* GIVEN RECORDS:
* * * *

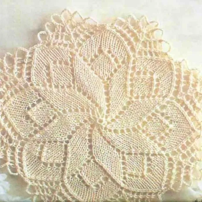 набрать 8 п., петли распределить на 4 спицы. Вязать по схеме 8 раз в ряду, т.е. 2 мотива на спице. Числа справа обозначают ряды. В отсутствующих на схеме рядах петли и накиды вязать лицевыми. После 42-го р. провязать крючком по 2 п. вместе, между ними выполнить арки из 7 в.п. Концы нити незаметно закрепить на изнаночной стороне работы. Салфетку выстирать вручную и высушить. Затем наколоть по размеру, при этом булавки вколоть в каждую арку из в.п., накрахмалить и дать высохнуть.
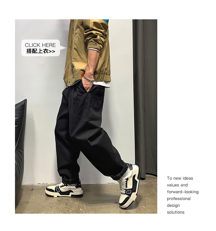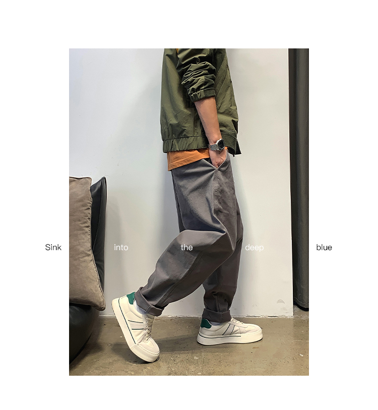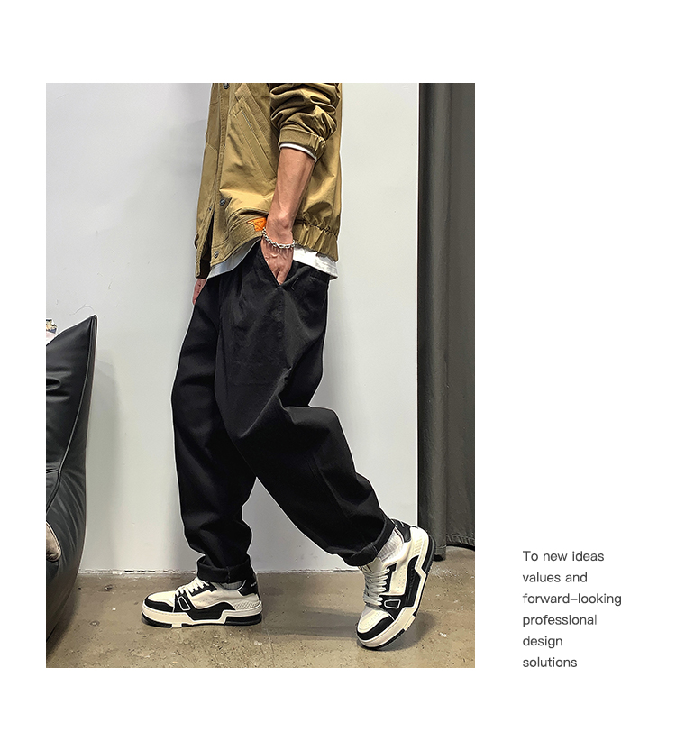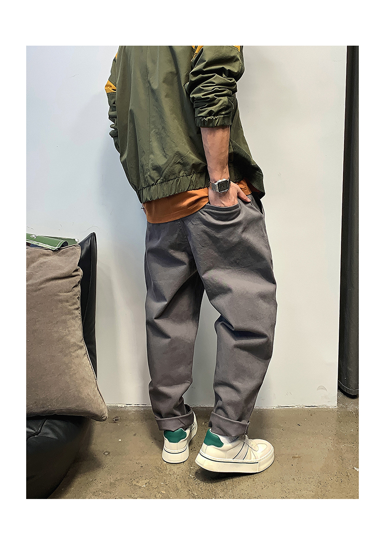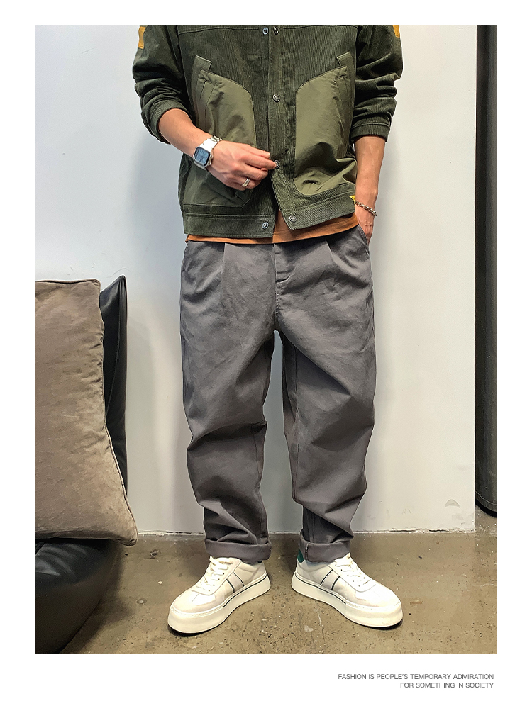 徐太浪春秋日系休闲纯色宽松小脚裤男士高级感潮流阔腿直筒长裤子
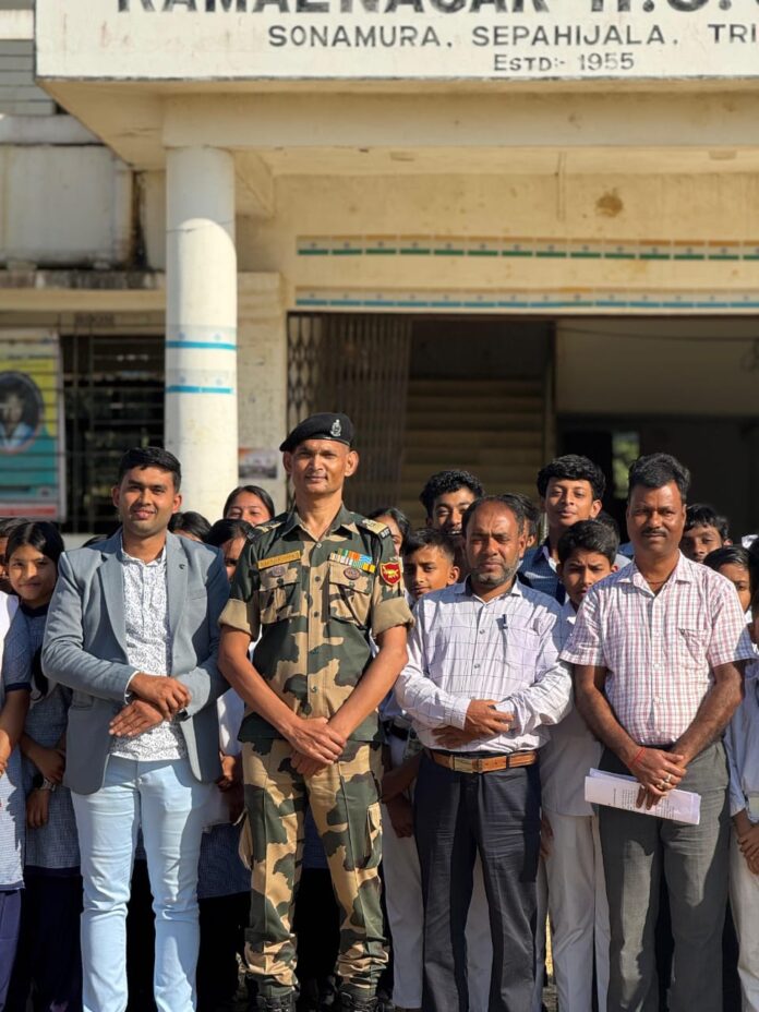 বক্সনগর বিধানসভা এলাকার কমলনগর দ্বাদশ শ্রেণি বিদ্যালয়ে সংবিধান দিবস উপলক্ষে বি এস এফ এলাকাবাসী ও স্কুলের ছাএছাএীদের মধ্যে অনুষ্ঠিত হল আলোচনা সভা
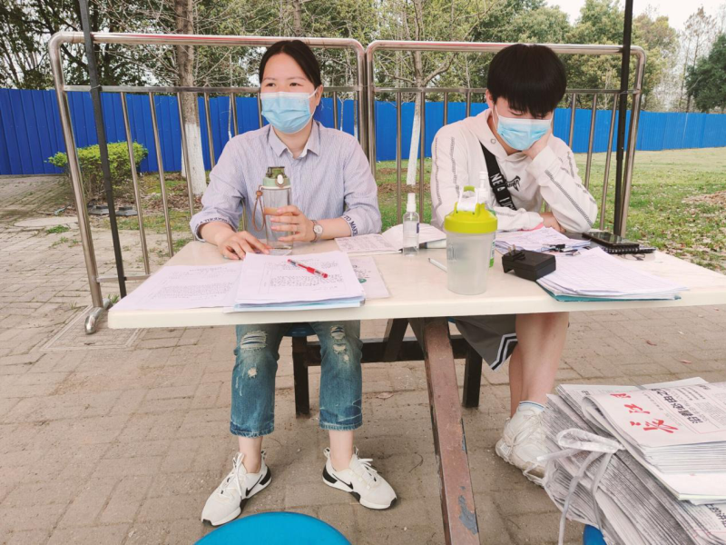 学部学生党支部书记、辅导员冯婷老师和学生干部贺昊天值守
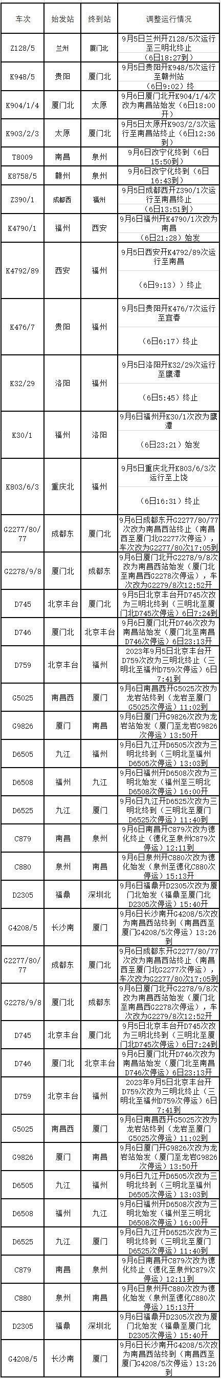 受臺(tái)風(fēng)“海葵”殘余環(huán)流影響,預(yù)計(jì)9月6日8時(shí)至7日8時(shí),福建東部和南部、江西南部等地有大到暴雨,其中福建東南部沿海部分地區(qū)有大暴雨,局地有雷暴大風(fēng)等強(qiáng)對(duì)流天氣。為確保人民生命財(cái)產(chǎn)安全和鐵路運(yùn)輸安全,中國(guó)鐵路南昌局集團(tuán)有限公司(以下簡(jiǎn)稱南鐵)調(diào)整9月6日、7日部分旅客列車運(yùn)行方案(具體見(jiàn)附件)。
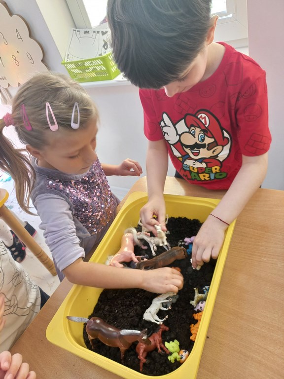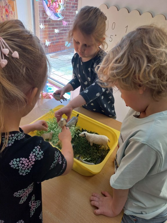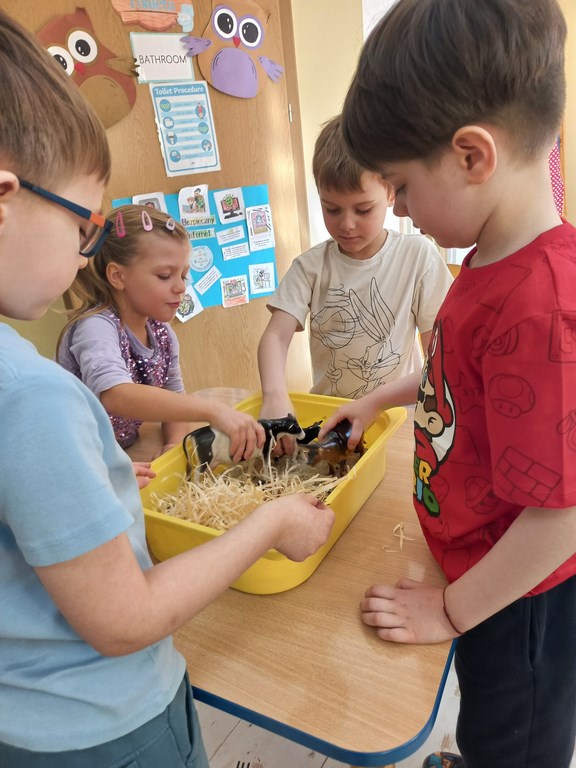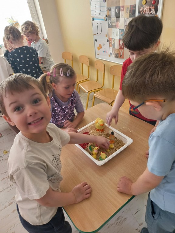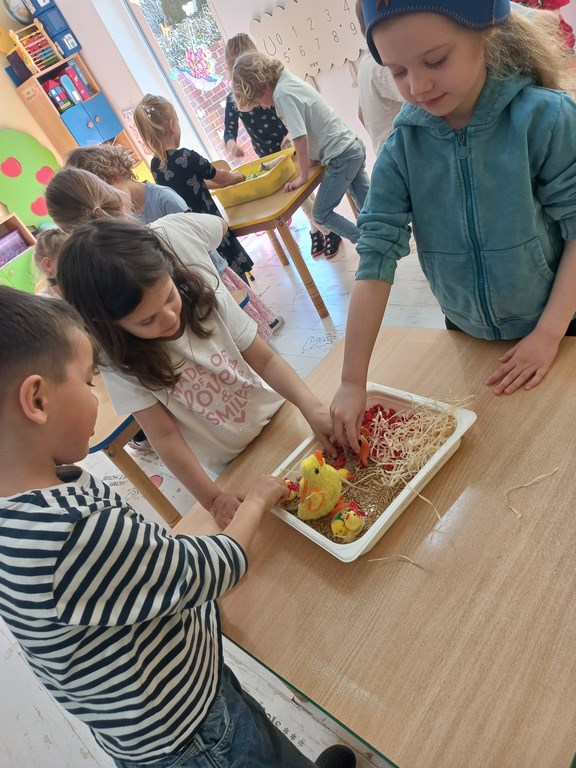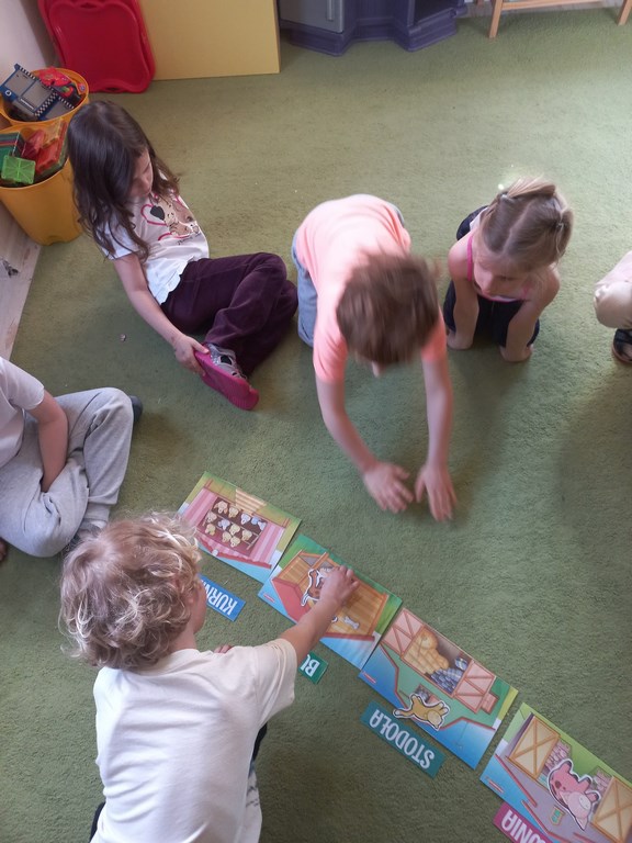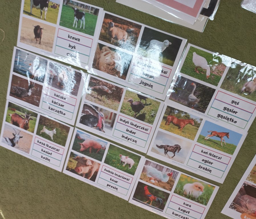 Zajęcia w przedszkolu dotyczące zwierząt na wsi zostały przeprowadzone w formie rozmowy oraz prezentacji ilustracji zwierząt gospodarskich.  Wprowadzono również zabawy sensoryczne, podczas których przedszkolaki rozpoznawały różne faktury i przedmioty związane z tematyką wsi. Dzieci wykonały także  prace plastyczne, utrwalając zdobyte wiadomości i rozwijając swoją wyobraźnię.
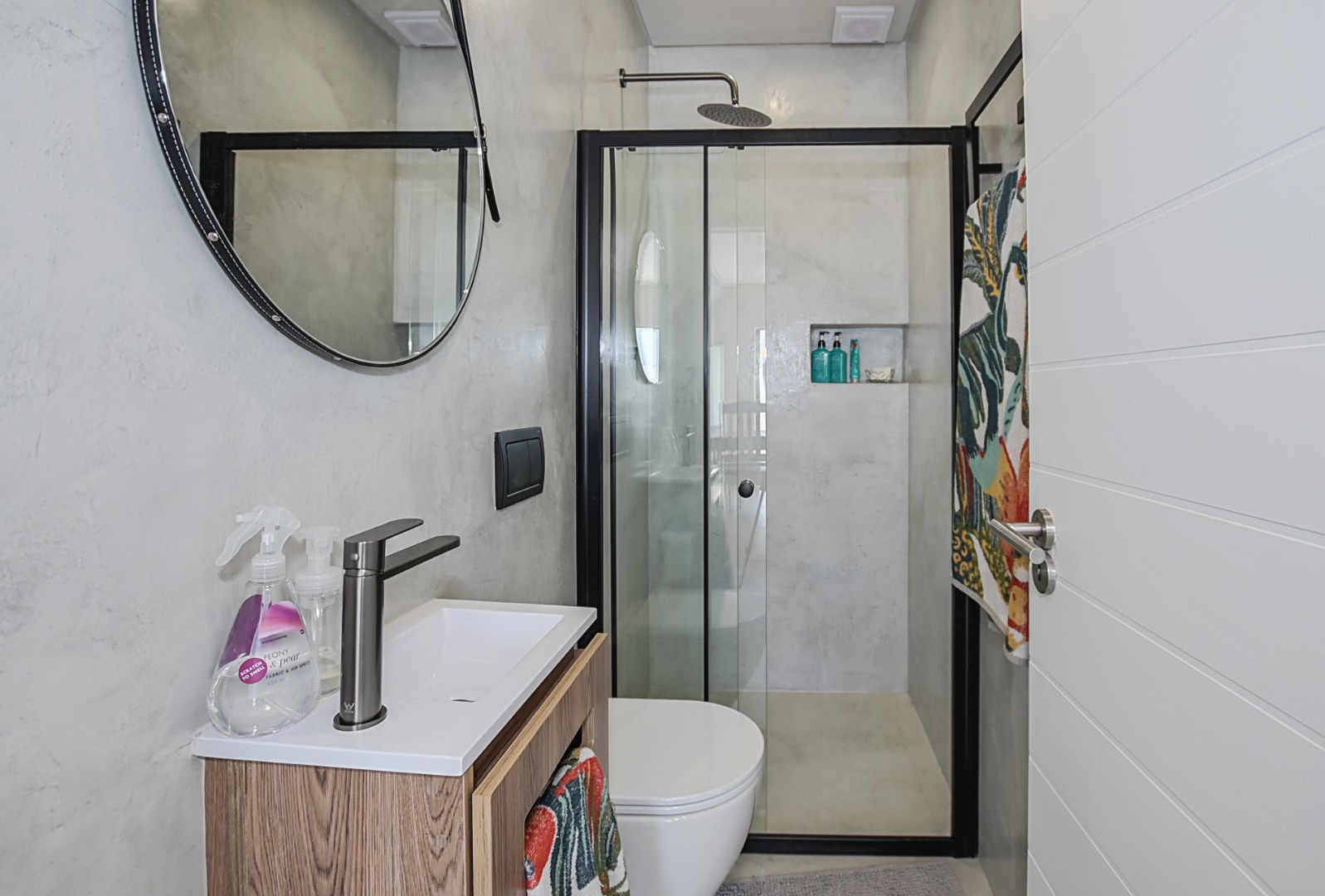 shower, basin and toilet.
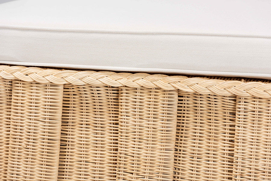 Product Dimensions: Overall Ottoman Dimensions: 40.20" W x 40.20" D x 16.50" H; Seat(w/o removable cushion): 34.60" W x 34.60" D x 16.50" H(from floor);Handwoven Rattan : Elegantly arranged natural rattan adds coastal charm with a light airy aesthetic
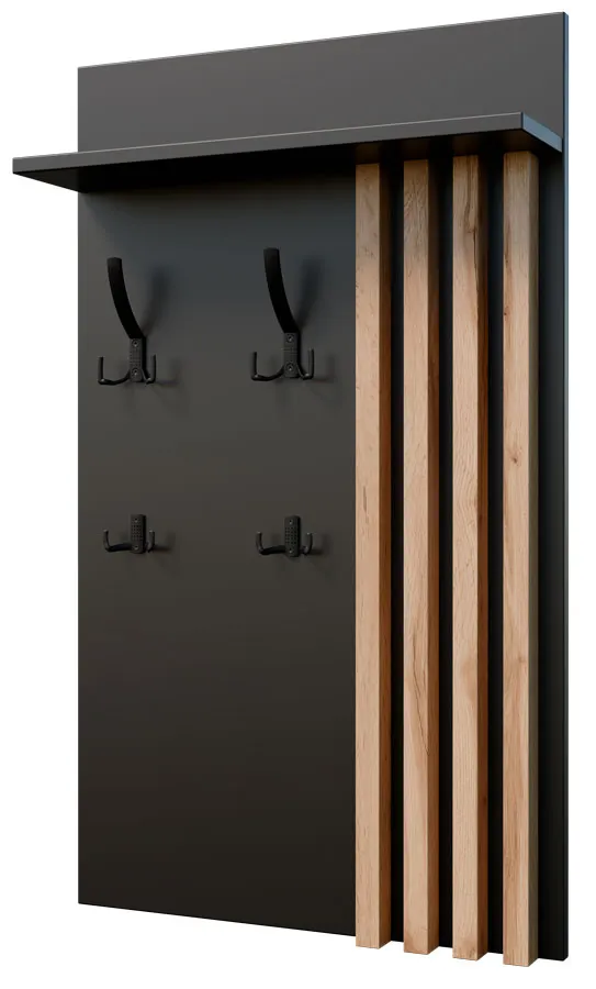 Czarny wieszak z półką zdobiony lamelami do przedpokoju Crizzo
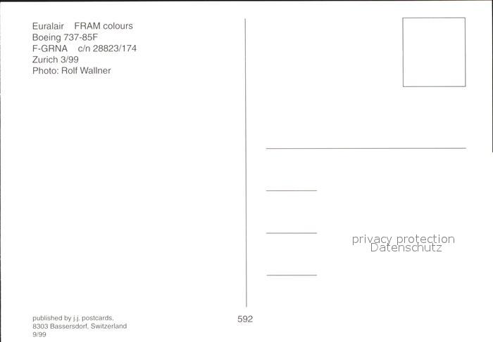 Flugzeuge Zivil Euralair FRAM colours Boeing 737-85F F-GRNA c/n 28823/174 postalisch nicht gelaufen Erhaltung siehe scans
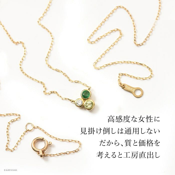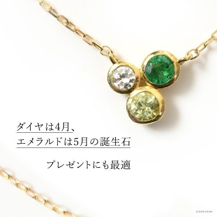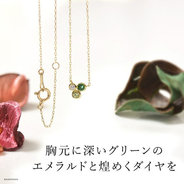 エメラルド ネックレス ダイヤモンド 3石 k10 ゴールド コタラッテピーポー 日本製 5月 誕生石 プレゼント
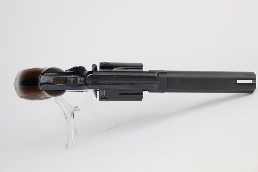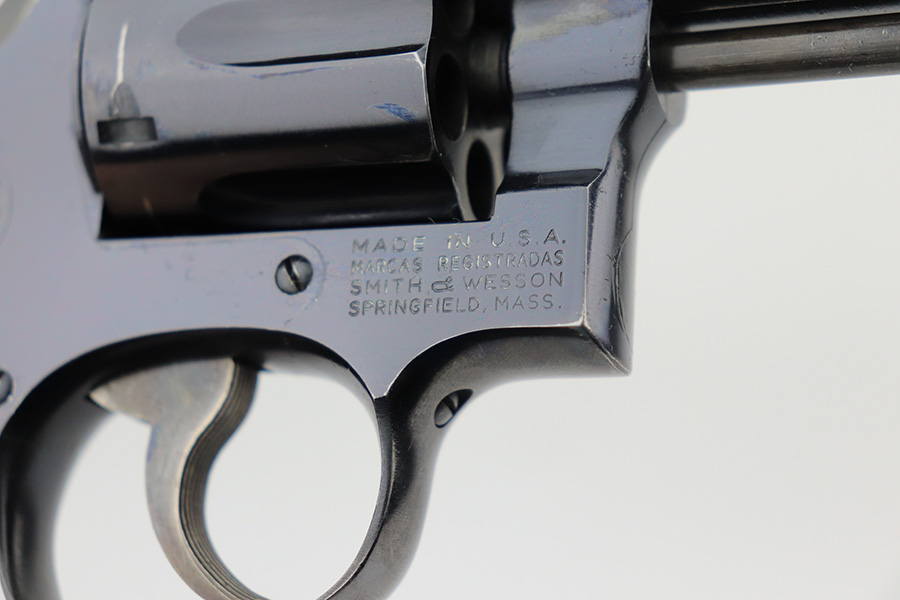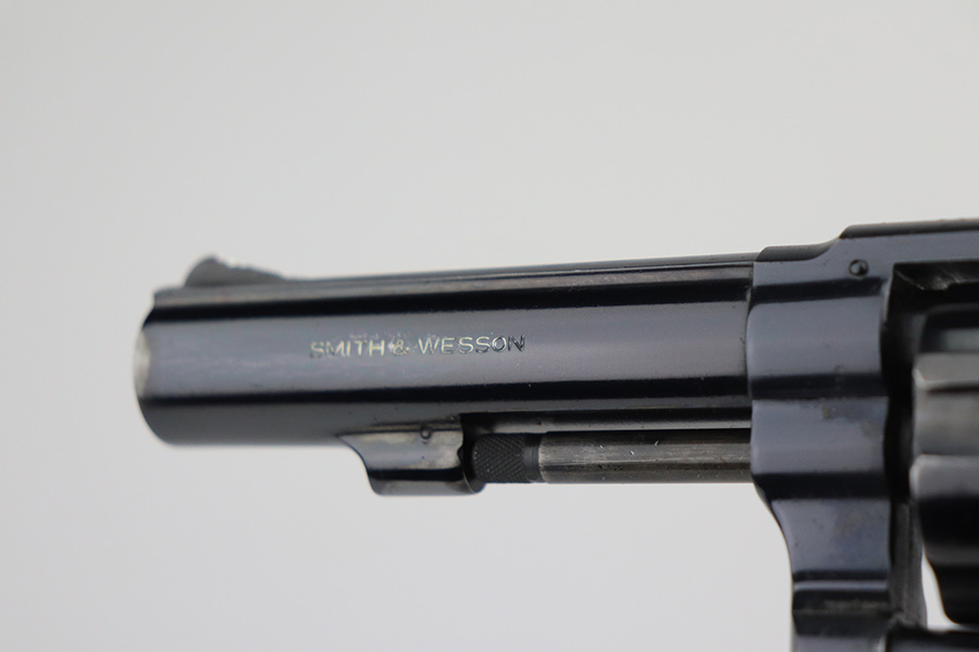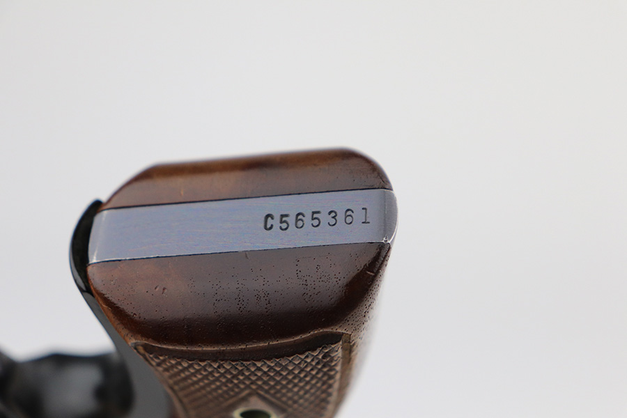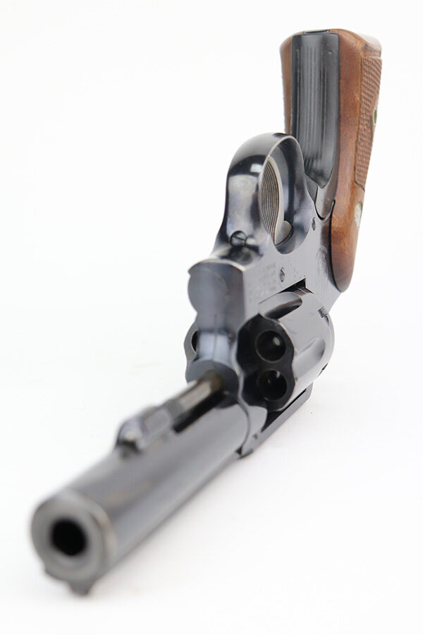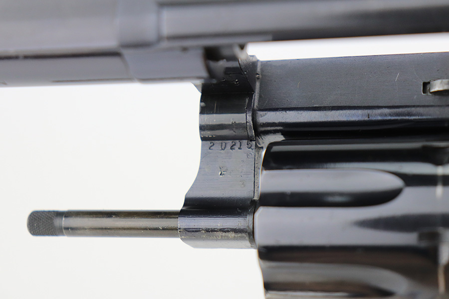 6/23/21 – This is a minty example of a Smith & Wesson Model 10-3 Revolver, manufactured in 1961-62. 4″ barrel, chambered in .38 S&W Special. It has retained about 97-98% of its original finish. Minor wear around the muzzle, high edges of the cylinder, and a very light roll mark on the cylinder. The cylinder is tight and the action is smooth. Comes excellent wood grips and a S&W black grip extension. Mint bore.

* * * *

All of the records should be output exactly as they stand, with pictures omitted.

* WRITTEN RESPONSE:
 набрать 8 п., петли распределить на 4 спицы. Вязать по схеме 8 раз в ряду, т.е. 2 мотива на спице. Числа справа обозначают ряды. В отсутствующих на схеме рядах петли и накиды вязать лицевыми. После 42-го р. провязать крючком по 2 п. вместе, между ними выполнить арки из 7 в.п. Концы нити незаметно закрепить на изнаночной стороне работы. Салфетку выстирать вручную и высушить. Затем наколоть по размеру, при этом булавки вколоть в каждую арку из в.п., накрахмалить и дать высохнуть.
 徐太浪春秋日系休闲纯色宽松小脚裤男士高级感潮流阔腿直筒长裤子
 বক্সনগর বিধানসভা এলাকার কমলনগর দ্বাদশ শ্রেণি বিদ্যালয়ে সংবিধান দিবস উপলক্ষে বি এস এফ এলাকাবাসী ও স্কুলের ছাএছাএীদের মধ্যে অনুষ্ঠিত হল আলোচনা সভা
 学部学生党支部书记、辅导员冯婷老师和学生干部贺昊天值守
 受臺(tái)風(fēng)“海葵”殘余環(huán)流影響,預(yù)計(jì)9月6日8時(shí)至7日8時(shí),福建東部和南部、江西南部等地有大到暴雨,其中福建東南部沿海部分地區(qū)有大暴雨,局地有雷暴大風(fēng)等強(qiáng)對(duì)流天氣。為確保人民生命財(cái)產(chǎn)安全和鐵路運(yùn)輸安全,中國(guó)鐵路南昌局集團(tuán)有限公司(以下簡(jiǎn)稱南鐵)調(diào)整9月6日、7日部分旅客列車運(yùn)行方案(具體見(jiàn)附件)。
 Zajęcia w przedszkolu dotyczące zwierząt na wsi zostały przeprowadzone w formie rozmowy oraz prezentacji ilustracji zwierząt gospodarskich.  Wprowadzono również zabawy sensoryczne, podczas których przedszkolaki rozpoznawały różne faktury i przedmioty związane z tematyką wsi. Dzieci wykonały także  prace plastyczne, utrwalając zdobyte wiadomości i rozwijając swoją wyobraźnię.
 shower, basin and toilet.
 Product Dimensions: Overall Ottoman Dimensions: 40.20" W x 40.20" D x 16.50" H; Seat(w/o removable cushion): 34.60" W x 34.60" D x 16.50" H(from floor);Handwoven Rattan : Elegantly arranged natural rattan adds coastal charm with a light airy aesthetic
 Czarny wieszak z półką zdobiony lamelami do przedpokoju Crizzo
 Flugzeuge Zivil Euralair FRAM colours Boeing 737-85F F-GRNA c/n 28823/174 postalisch nicht gelaufen Erhaltung siehe scans
 エメラルド ネックレス ダイヤモンド 3石 k10 ゴールド コタラッテピーポー 日本製 5月 誕生石 プレゼント
 6/23/21 – This is a minty example of a Smith & Wesson Model 10-3 Revolver, manufactured in 1961-62. 4″ barrel, chambered in .38 S&W Special. It has retained about 97-98% of its original finish. Minor wear around the muzzle, high edges of the cylinder, and a very light roll mark on the cylinder. The cylinder is tight and the action is smooth. Comes excellent wood grips and a S&W black grip extension. Mint bore.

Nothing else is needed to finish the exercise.